Dressed in the nicest outfit that you could find in your suitcase, you arrive at the posh restaurant that promises a view of the harbor that could sweep you off your feet. You wait patiently, second in queue behind the couple whispering sweet nothings to each other. The host greets you with a warm smile, his eyes momentarily searching for a dining companion. Within a fraction of a second so brief, you’d miss it if you didn’t have previous experience noticing it, he looks at you and you hear yourself say with practiced ease, “Table for one, please.”
If this scenario sounds like one that you can’t imagine pulling off with ‘practiced ease,’ then you’re not alone. The social awkwardness of dining alone is a very real concern for those who’re planning their first solo trip or moving to a new city. If you’ve never travelled alone or lived by yourself, chances are that you’ve probably never dined alone at a nice restaurant, especially if you’re a woman. While most people today are comfortable about spending alone time at cafés, working on their laptops or reading, dining alone continues to be a worrying concept for many. Women can be self-conscious about looking lonely at restaurants where they imagine they might be surrounded by couples.
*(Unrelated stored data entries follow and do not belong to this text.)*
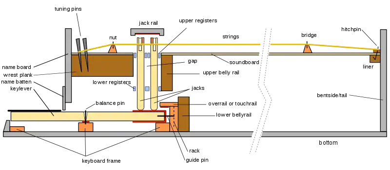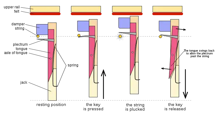 ဟာ့ပ်ဆီကော့ဒ်၏ ခလုတ်တစ်ခုကို နှိပ်လိုက်သောအခါ ထိုခလုတ်၏အခြားတစ်ဖက်တွင် ဂျက်ခ် (jack) ကိုမစေသည်။ ယင်းဂျက်တွင် ပလက်ထရမ် (plectrum) မည်သော ကြိုးကိုတုန်ခါစေမည့် အတက်ကလေးပါဝင်သည်။ ထိုအတက်သည် ဂျက်ခ်၏အပေါ်တက်လာမှုကြောင့် ကြိုးကိုထိရာ ကြိုးတုန်ခါမှုကြောင့် အသံဖြစ်ပေါ်လာသည်။ ခလုတ်ကိုလွှတ်လိုက်သောအခါ ဂျက်ခ်သည် အနည်းငယ်တိမ်းစောင်း၍ မူလနေရာသို့ ပြန်ရောက်သည်။ ထိုသို့တိမ်းစောင်းရခြင်းမှာ ပလက်ထရမ်ကိုကြိုးနှင့် နောက်ထပ်မထိစေရန်ဖြစ်သည်။ ဂျက်ခ်သည်မူလနေရာသို့ ပြန်ရောက်သောအခါ ဂျက်ခ်၌ပါဝင်သောဒမ်ပါ (Damper) သည် ကြိုး၏တုန်ခါမှုကိုရပ်တန့်စေသည်။
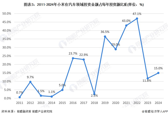 从每年汽车领域投资金额占小米每年全部投资金额的比重来看,2016-2017年和2019-2022年是小米投资汽车领域的两大主要时期,其中在小米宣布启动汽车制造的时间前后,小米相关投资主体在汽车领域的投资金额占比增长到了40%以上的占比区间。
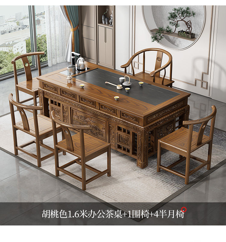 Китайский стиль чайный стол и стул Комбинированный офис кунг -фу чайный стол
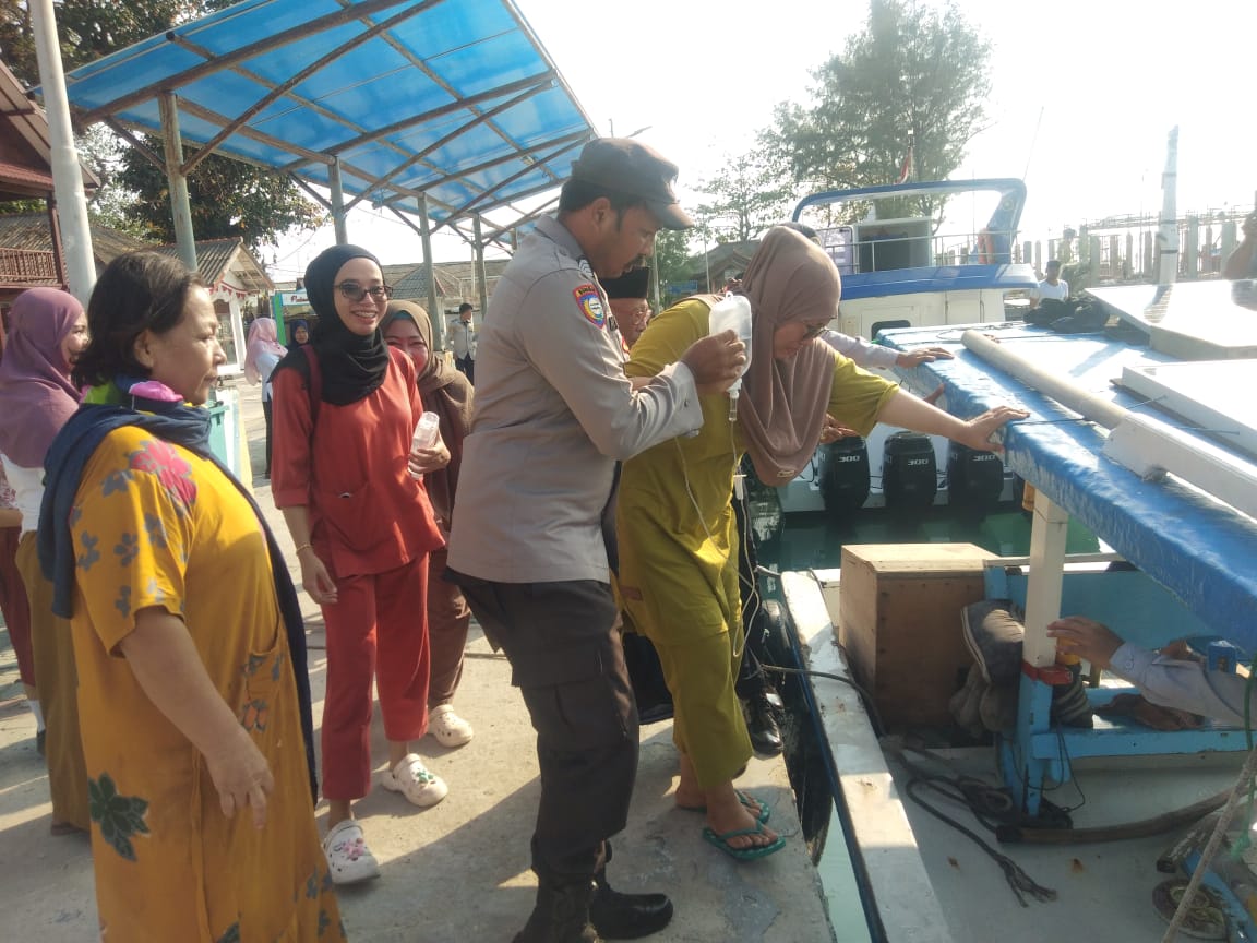KS, JAKARTA – Bhabinkamtibmas Pulau Sebira, Bripka Amirullah Maliki, memberikan bantuan dan mendampingi seorang warga Pulau Sebira yang mengalami pendarahan saat hamil menuju fasilitas kesehatan di Pulau Kelapa.
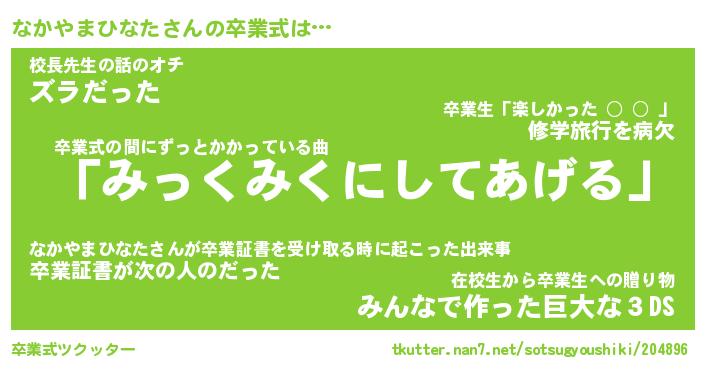 | ヘコむあだ名 | 『なかにゅー』『酢こんぶ』『なかを』 |
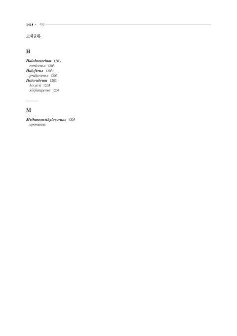 1418 • 색인 고세균류 H Halobacterium 1203 noricense 1203 Haloferax 1203 prahovense 1203 Halorubrum 1203 kocurii 1203 xinjiangense 1203 M Methanomethylovorans 1203 uponensis
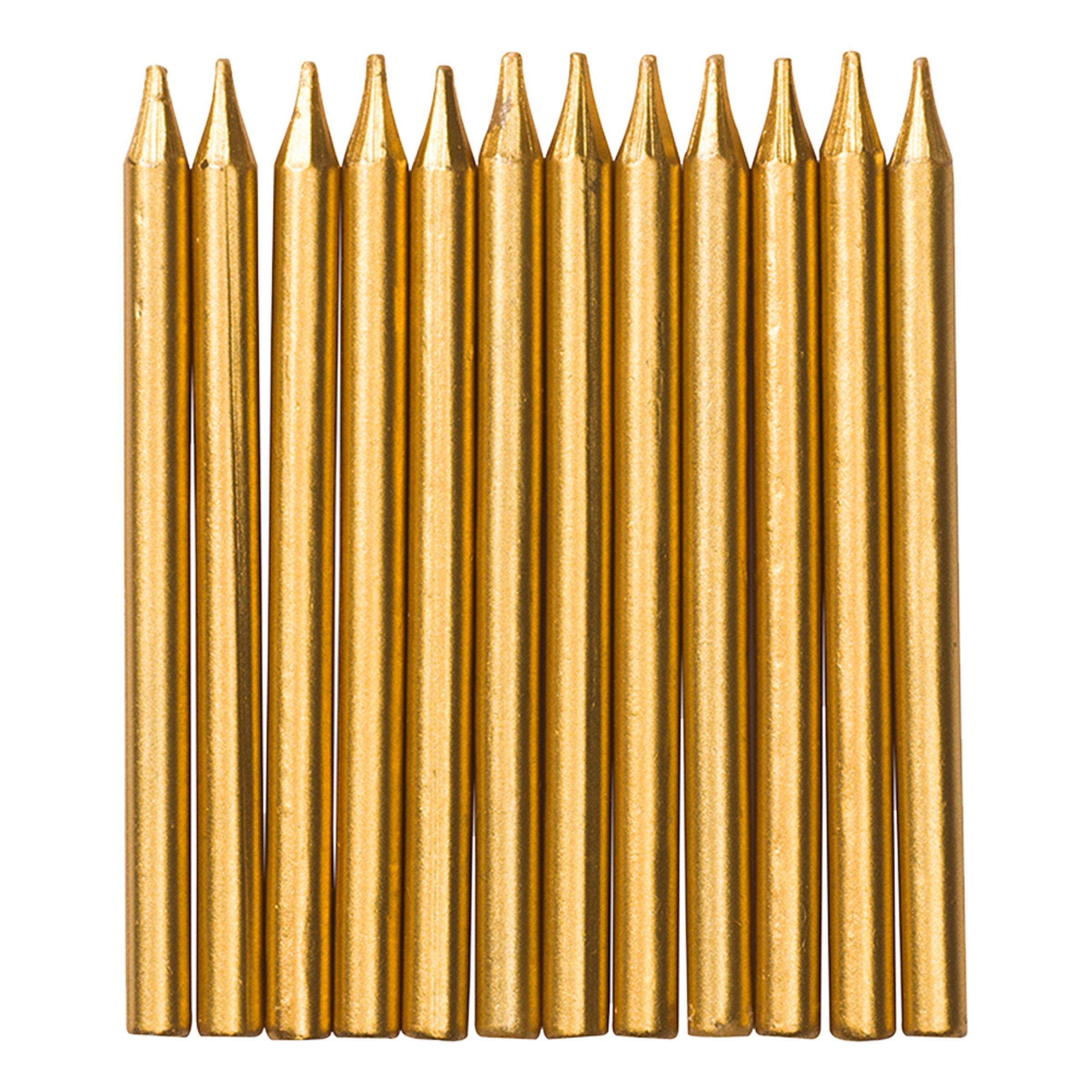 Tårtljus Guld är ett gäng tårtljus i läckert guld. Använd dem tillsammans för att få en maffig dekoration på tårtan. Perfekt till födelsedagsfesten, jubileumet eller bröllopfesten!
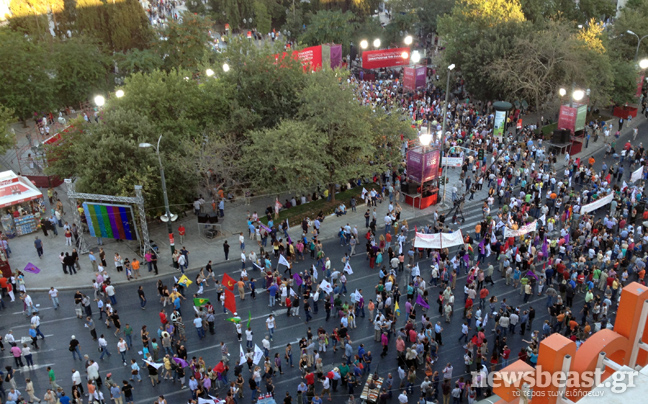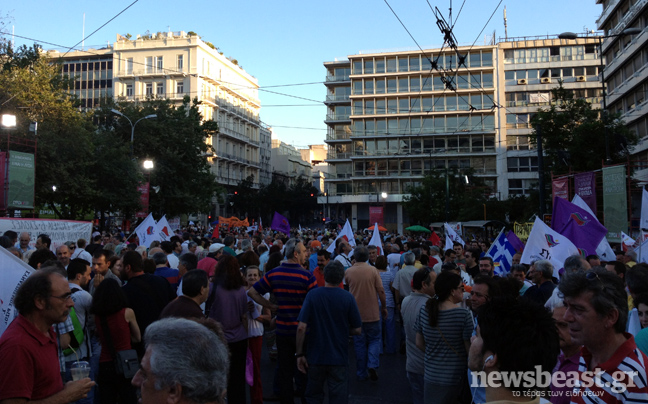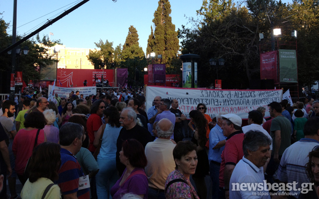Πλήθος κόσμου έχει συγκεντρωθεί αυτή την ώρα στο Σύνταγμα, όπου πραγματοποιείται η συγκέντρωση του ΣΥΡΙΖΑ, κατά την οποία θα μιλήσει ο πρόεδρος του κόμματος, Αλέξης Τσίπρας.

Modern society places too much emphasis on appearances to the point that you aren’t always able to separate yourself from other people’s perception of you. If you’ve never experienced it because you’re uncomfortable with the idea of looking lonely or like ‘someone with no friends’, your thought process is distinctly different from that of others who are comfortable with dining alone.
Ask someone who’s used to dining alone and they’ll tell you something that is almost always true- No one else cares. The people who complain of or fear awkwardness are usually the ones looking around at romancing couples or happy families with a sense of self-pity. Of course, it’s usually hard to accept that you’re really not important, at least not enough to warrant other guests at the restaurants to spend any time thinking about you to perceive you as lonely.
Many people feel comfortable about dining by themselves at cafés or restaurants where it’s easier to look busy or engrossed in an activity besides dining such as writing, reading or texting. But there’s no reason to deny yourself a meal at the kind of restaurant that couples or families go to, just because you’re alone. If there’s a place with a fantastic view, must try food or unique décor that you’d like to try in a new city or town, then not having someone to go with is a sorry excuse.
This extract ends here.